San Francisco has a second worthy article (part of its “power” package), and one with the best headline of the week: “The Agony And Ecstasy Of A Mayo Messiah.” Josh Tetrick, founder of Hampton Creek, the vegan-foods company that makes the eggless Just Mayo, has not lacked for press. That includes both the positive variety (as proselytizer for healthy eating and the ostensible slayer of multinational big food conglomerates) and the negative type (for some sales shenanigans in which employees bought the company’s products off store shelves to drive up sales). This portrait mostly doesn’t break new ground if you’ve been following the saga, but the writing makes it more than worthwhile, particularly in two descriptions of the founder himself:

 For Tetrick, fake mayo is not so much a lowly condiment as a gateway into a better tomorrow of clean eating, humane farms, and enlightened sustainability practices.
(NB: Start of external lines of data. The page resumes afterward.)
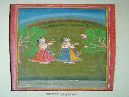 | Description / विवरण | It is a painting of two worshipping female friends marched for love purpose. Two plants are shown in foreground and background. River is shown. |
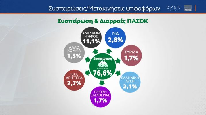 Το ΠΑΣΟΚ που ανέβασε τη συσπείρωσή του στο 77% δίνει:
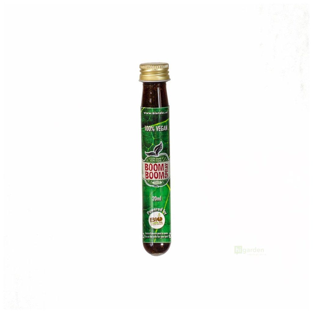 Biotabs Boom Boom Spray enthält nur natürlichen Stickstoff, Aminosäuren, Mineralien, Kohlenhydrate und Peptide und liefert alle Nährstoffe, die für die Entwicklung starker und gesunder Pflanzen mit köstlichen Früchten und Blumen benötigt werden. Es ist völlig unschädlich für Pflanzen, Tiere und Menschen. Dieses organische Biostimulans ist für den Innen- und Außenanbau bestimmt und kann in Erde, Kokosnuss und Hydra verwendet werden.
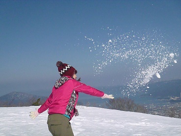 青空のもと、白い雪踏み踏みできて
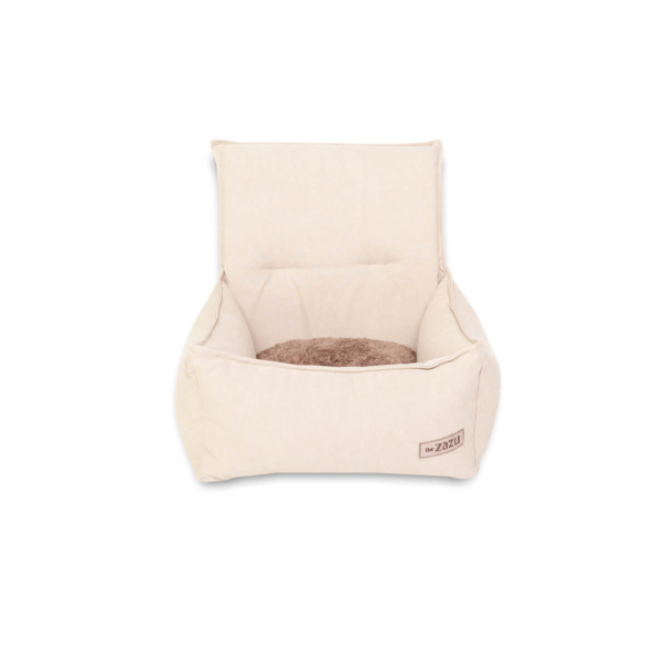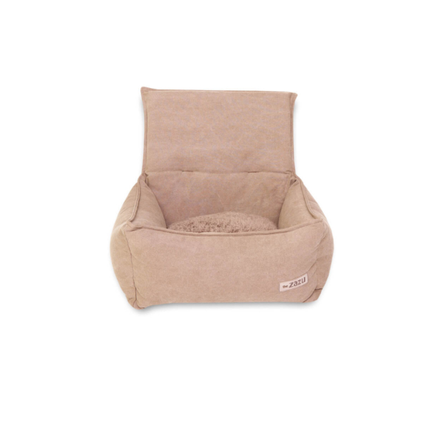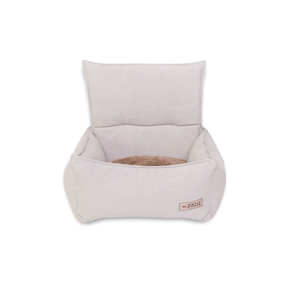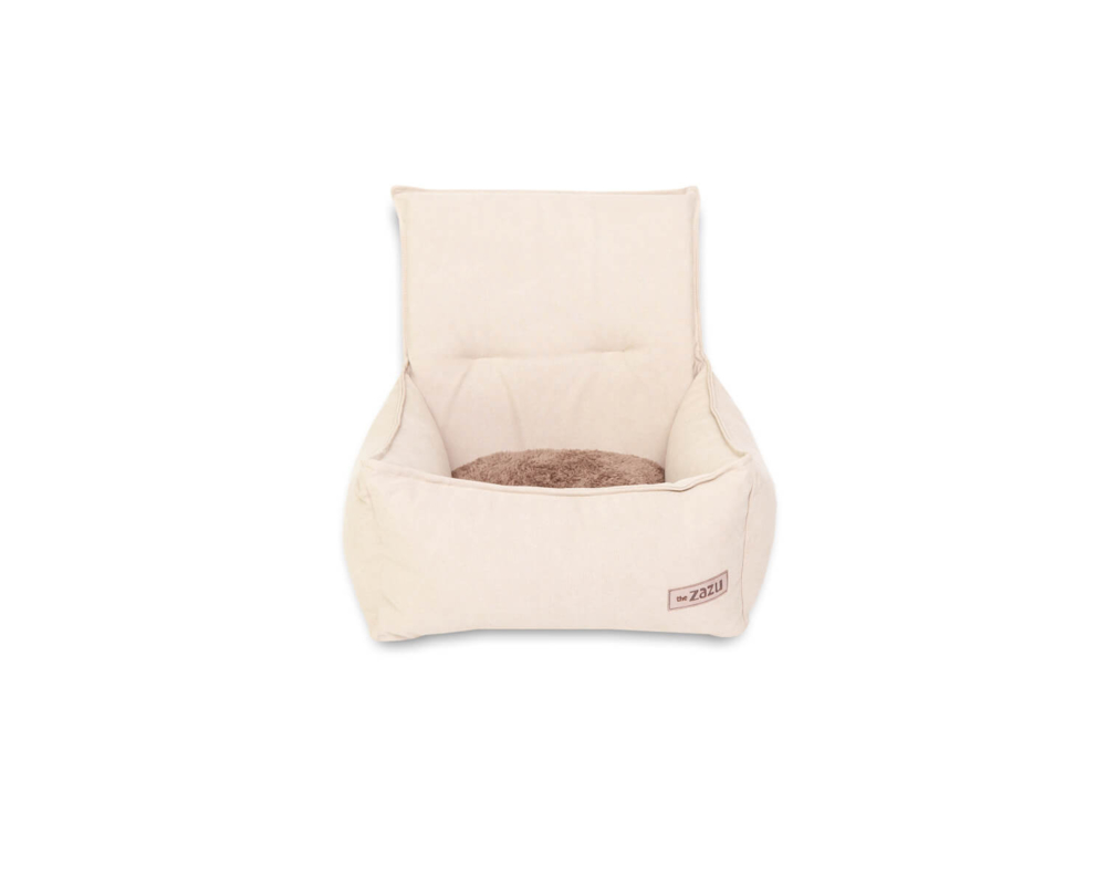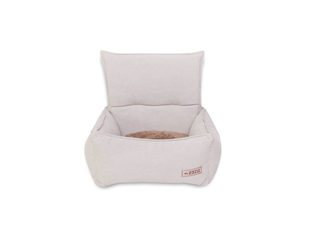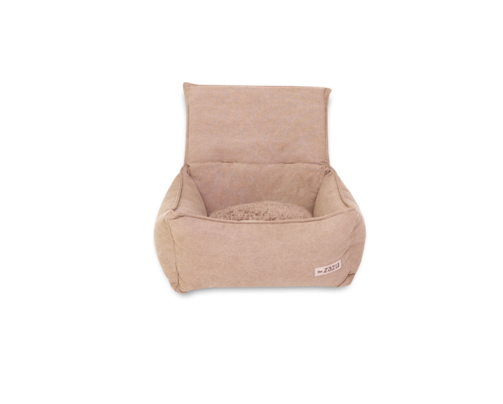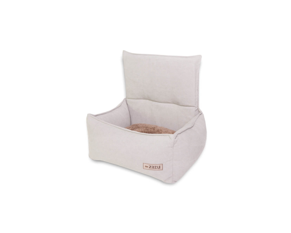 Gil is a comfortable car kennel, designed for small/medium-sized dogs. Travelling has never been so comfortable, more than a cot, Gil is a real car seat thanks to the carabiner to be attached to the collar or pettorina of your pet and equipped with belt buckle with safety lock that allows you to attach it to the car seat for greater stability. Essential for those who love to travel, it can also be used as a sofa bed. Extra comfort thanks to the soft filling of hypoallergenic wadding. The cover in resistant, scratch-resistant cotton fabric, with vintage finish, is combined with the soft touch of the seat, made of warm and dense plush fabric, which keeps the heat for a long time. Available in 4 neutral colours.
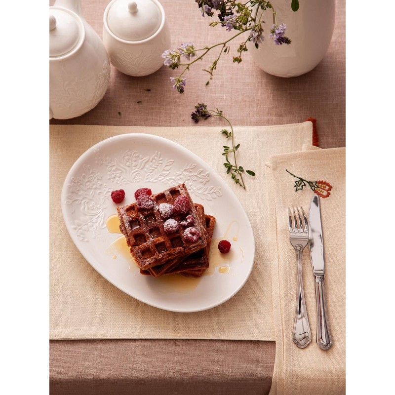 Тарелка сервировочная English Gardens – выбор настоящих эстетов и возможность привнести в оформление стола частичку природной элегантности. Плавные линии, мягкие формы и утонченный цветочный узор создают ощущение свежести и легкости, а белый цвет фарфора привлекает своей безупречностью и чистотой.Особенности и преимущества:- Тарелка сервировочная идеально подходит как для повседневного использования, так и для особых случаев. - Чистое сырье высочайшего качества и собственная формула глазуровки с обжигом при температуре 1250 °C делают изделие из фарфора особо прочным, устойчивым к растрескиванию и появлению сколов. - Глазурь и декор не тускнеют со временем, сохраняя первоначальный цвет и блеск. - Продукт прошел испытание на отсутствие в составе свинца и кадмия в соответствии со стандартными тестами FDA. - Коллекция English Gardens вдохновляет на творчество в сервировке, позволяя легко экспериментировать с цветами, текстурами и стилями, создавая красивые композиции и особую атмосферу за столом.Материал: фарфор. Размеры: 30x22x4,5 см. Вес: 860 г.Можно мыть в посудомоечной машине в деликатном режиме с использованием мягких моющих средств.
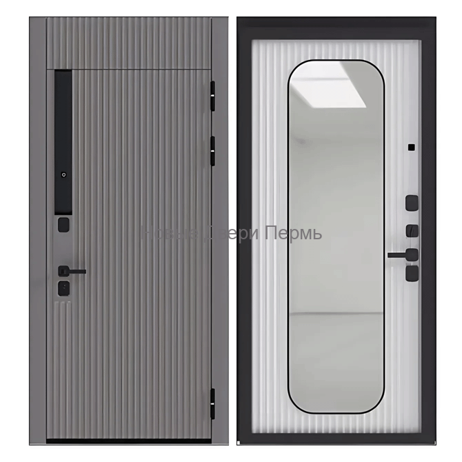 Страж 3К Деспи — современная входная дверь с выразительной отделкой в стиле «ФЛ Волна» и панелью МДФ 16 мм цвета серый кварц. Внутренняя сторона выполнена в белом матовом оттенке с декоративным порящим зеркалом, что делает дверь эффектной и функциональной. Полотно толщиной 100 мм с утеплением Knauf обеспечивает надежную тепло- и шумоизоляцию. Замки Guardian 3015 и цилиндровый механизм 3-го класса отвечают за высокий уровень безопасности.
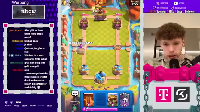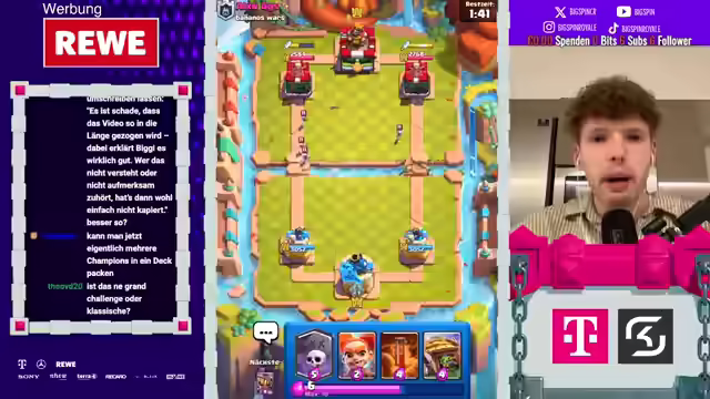 00:01:09Es gab Unverständnis bezüglich der Änderungen im neuen Update, insbesondere bezüglich der Lucky Drops. Trotz eines detaillierten 24-minütigen Videos, in dem die Änderungen ausführlich erklärt wurden, gab es Kommentare von Zuschauern, die das Video offenbar nicht vollständig angesehen hatten. Es wurde klargestellt, dass die neuen Season Lucky Chests die normalen Lucky Drops nicht ersetzen, sondern zusätzlich oder anstelle anderer Belohnungen in Mainstein-Events kommen. Die Anzahl der saisonalen Lucky Chests ist auf 20 bis 25 pro Saison begrenzt. Es wurde betont, dass es keinen Grund gibt, das Update zu kritisieren, da es die Progression im Spiel nicht negativ beeinflusst. Um die neuen Belohnungen zu demonstrieren, wird eine Grand Challenge gespielt. Es wird hervorgehoben, dass die Lucky Drops in Magic Lucky Chests umbenannt werden, wobei sich am Inhalt nichts ändert und zusätzlich saisonale Lucky Chests eingeführt werden, die beispielsweise bei Milestone Events erhältlich sind. Die allgemeine Progression wird nicht verschlechtert, was als sehr wichtig erachtet wird. Die Umbenennung in Chests erfolgte, weil die Community sich Kisten als Bestandteil von Clash Royale gewünscht hat.

When he gazes deeply into your eyes and tells you, in his blackstrap molasses Alabama drawl, that he is here on a mission, it is easy to nod along in rapturous belief. If he doesn’t perceive irony, it’s because his confidence in his vision (or perhaps strategically placed blinders) doesn’t leave any room for it. “I want us to do something that extends way beyond our lives,” he says.

Tetrick, who is now 36, made an ideal evangelist for the cause. Endowed with the uncomplicated good looks of a Hanes T-shirt model and an ingratiating tendency to drop f-bombs into conversations with reporters, he was a fresh, authentic, and compelling figure, a vegan in bro’s clothing who knew how to appeal to the mainstream. Hampton Creek’s target audience, he repeatedly told the press, was not “tree-hugging liberals in San Francisco” but big food-service companies and folks like his cost-conscious, Twinkies-eating daddy back home in Alabama.

Passages like that make for a tasty treat.